Voxel-based morphometry of disgust sensitivity.

BACKGROUND: Difficulties with the regulation of negative affect have been extensively studied in neuroimaging research. However, dysregulation of a specific emotion, disgust, has hardly been investigated. In the present study, we used voxel-based morphometry to identify whether gray matter volume (GMV) of frontal regions is correlated with personality traits associated with general and disgust-specific emotion regulation difficulties.
METHOD: We analyzed T1-weighted images of 49 females (mean age = 22.8 years, SD = 3.2).
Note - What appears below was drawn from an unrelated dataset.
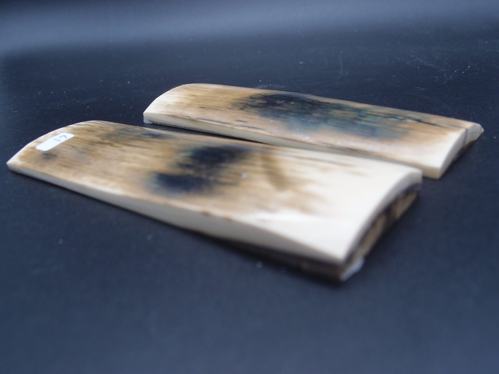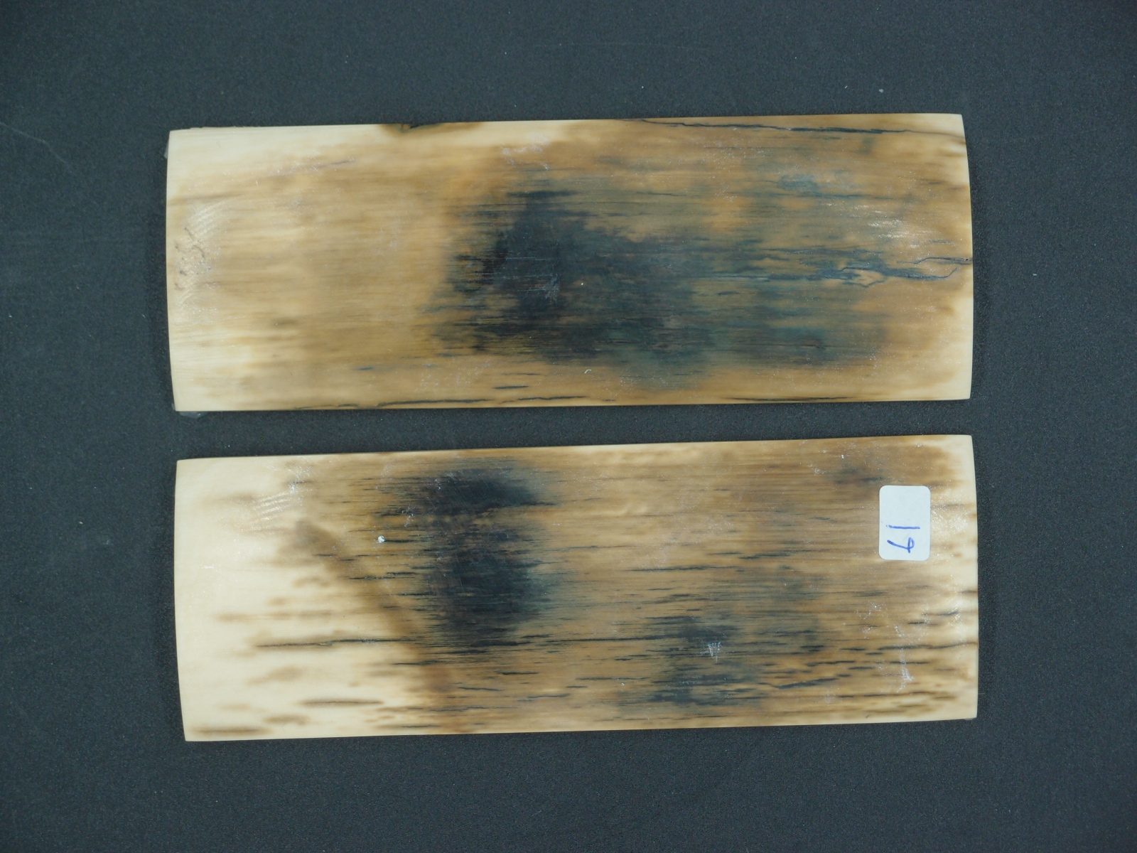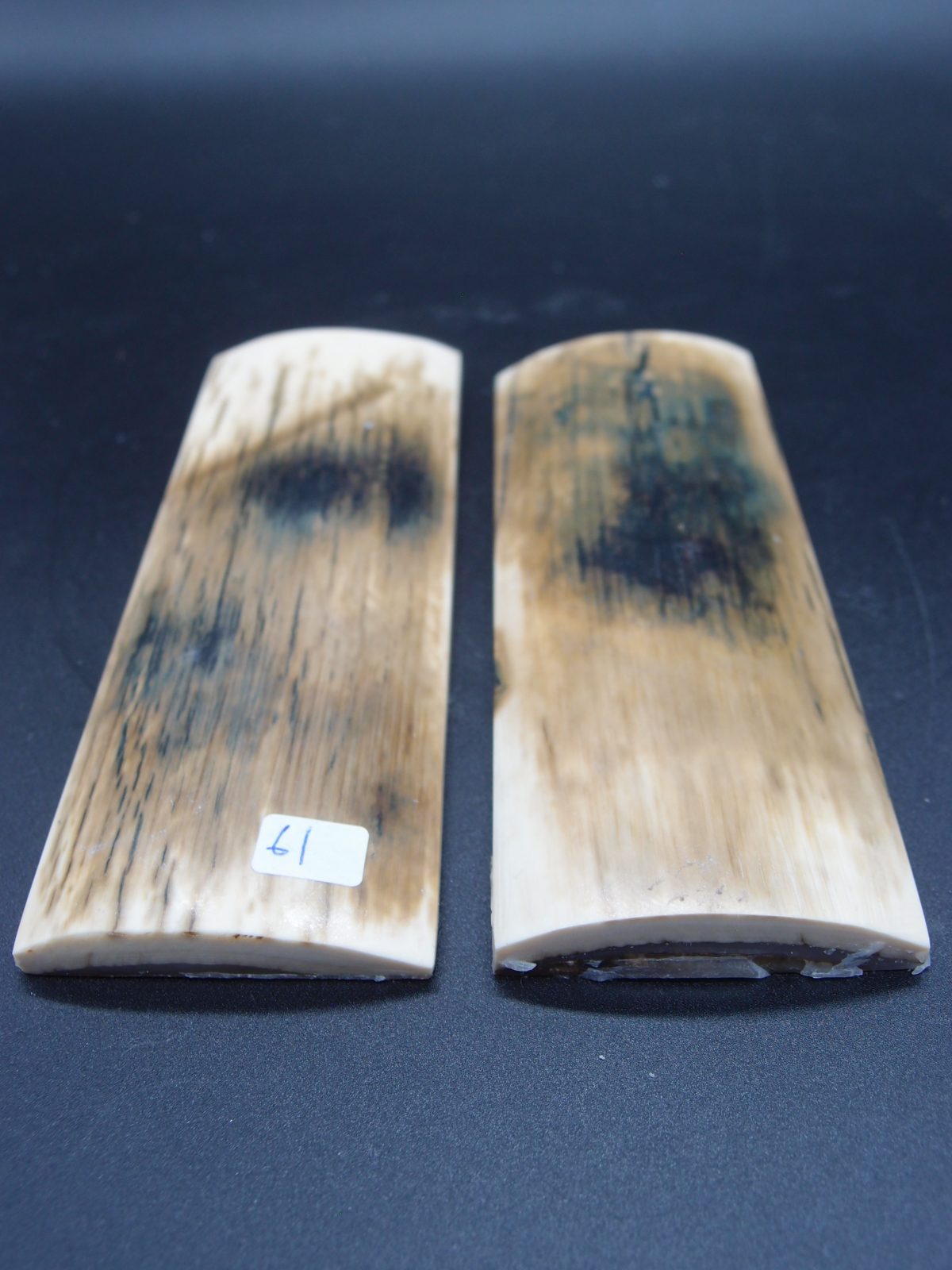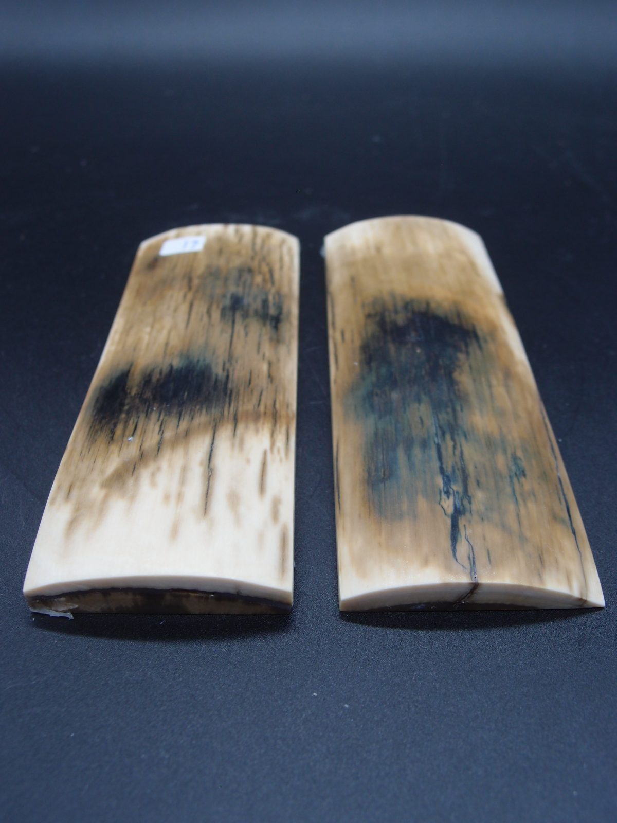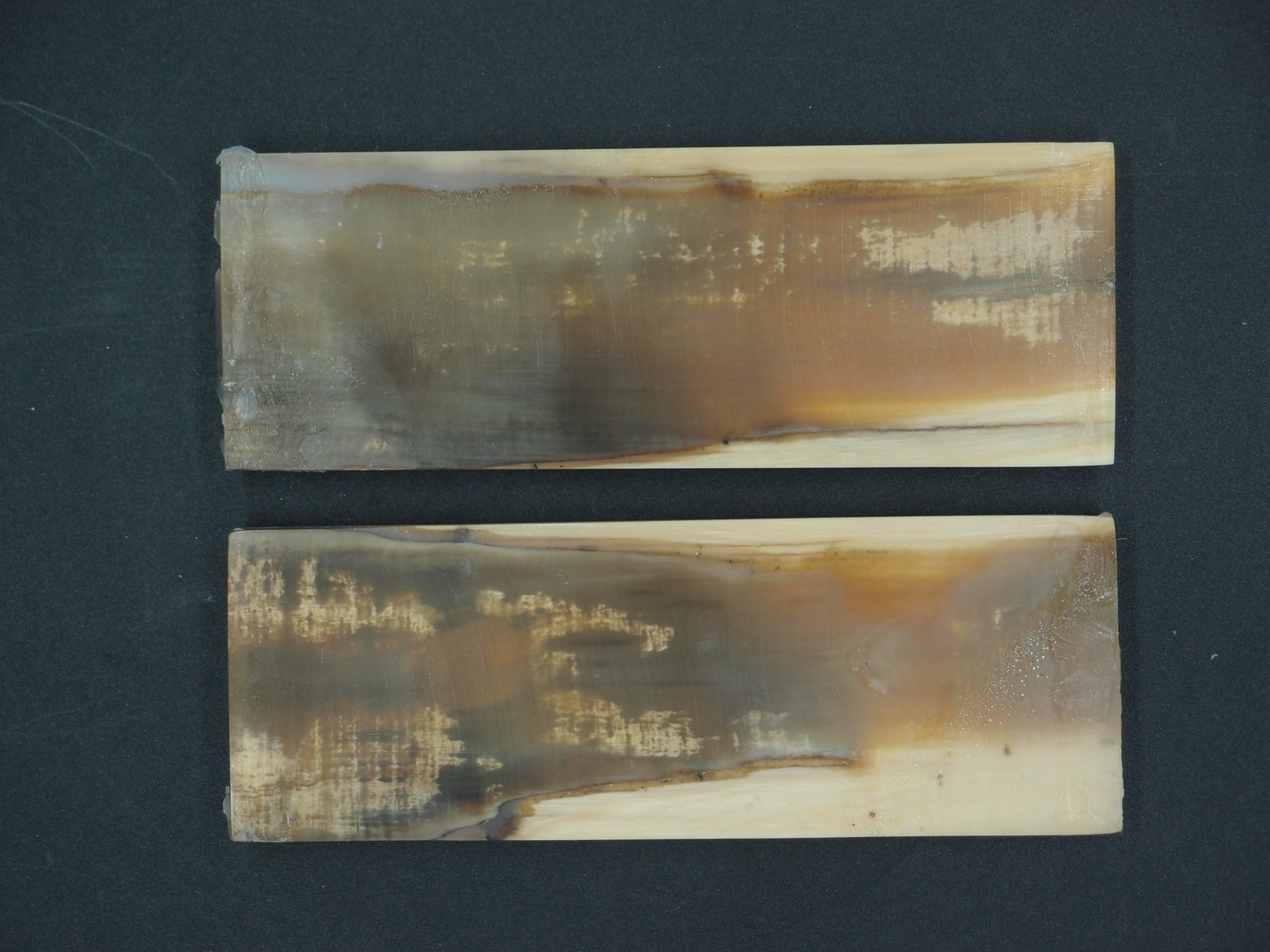 Paire d’écailles de mammouth stabilisées présentant un remarquable aspect bois avec grain prononcé. Parfaites pour les créations organiques et texturées. Matériau d’exception offrant une structure ligneuse saisissante, idéal pour les pièces nécessitant caractère et authenticité naturelle.

The women rated their disgust sensitivity (DS) (temporally stable tendency to experience disgust as uncontrollable and extremely aversive) as well as general difficulties with emotion regulation.
RESULTS: DS and general emotion regulation deficits were positively associated with a heightened GMV of the orbitofrontal cortex. DS additionally showed a negative association with GMV of the medial prefrontal cortex.
CONCLUSION: The present study revealed shared and distinct contributions of frontal brain regions to disgust-specific and general emotion regulation difficulties.

Introduction

The basic emotion of disgust serves as a disease-avoidance mechanism and is triggered by stimuli which are able to contaminate objects and people (Oaten, Stevenson, & Case, 2009). For example, body secretions and spoiled food are considered core disgust elicitors, which evoke this emotion in everyone. However, there are individual differences in the intensity of experienced disgust. These differences are related to the personality trait disgust proneness, which is defined as the temporally stable tendency of a person to experience disgust across a variety of situations (e.g., when exposed to the smell of spoiled milk). Individuals high in disgust proneness tend to react more frequently and more intensely with disgust to different aversive stimuli (Schienle, Walter, Stark, & Vaitl, 2002). Disgust proneness has widely been studied in functional and structural neuroimaging research in clinical and healthy samples (e.g., Ille et al., 2015; Schäfer, Leutgeb, Reishofer, Ebner, & Schienle, 2009; Scharmüller & Schienle, 2012; Schienle, Übel, Schöngaßner, Ille, & Scharmüller, 2013; Watkins et al., 2015). A functional magnetic resonance imaging study from Schäfer et al. (2009) found a positive correlation between activation in the orbitofrontal cortex (OFC) and the insula and self-reported disgust proneness in healthy women who looked at disgust-eliciting scenes (e.g., maggots, dirty toilet). Furthermore, disgust proneness has also been studied in clinical samples. For instance, Ille et al. (2015) found a positive correlation between OFC volume and the olfactory-associated disgust proneness in patients with Parkinson’s disease.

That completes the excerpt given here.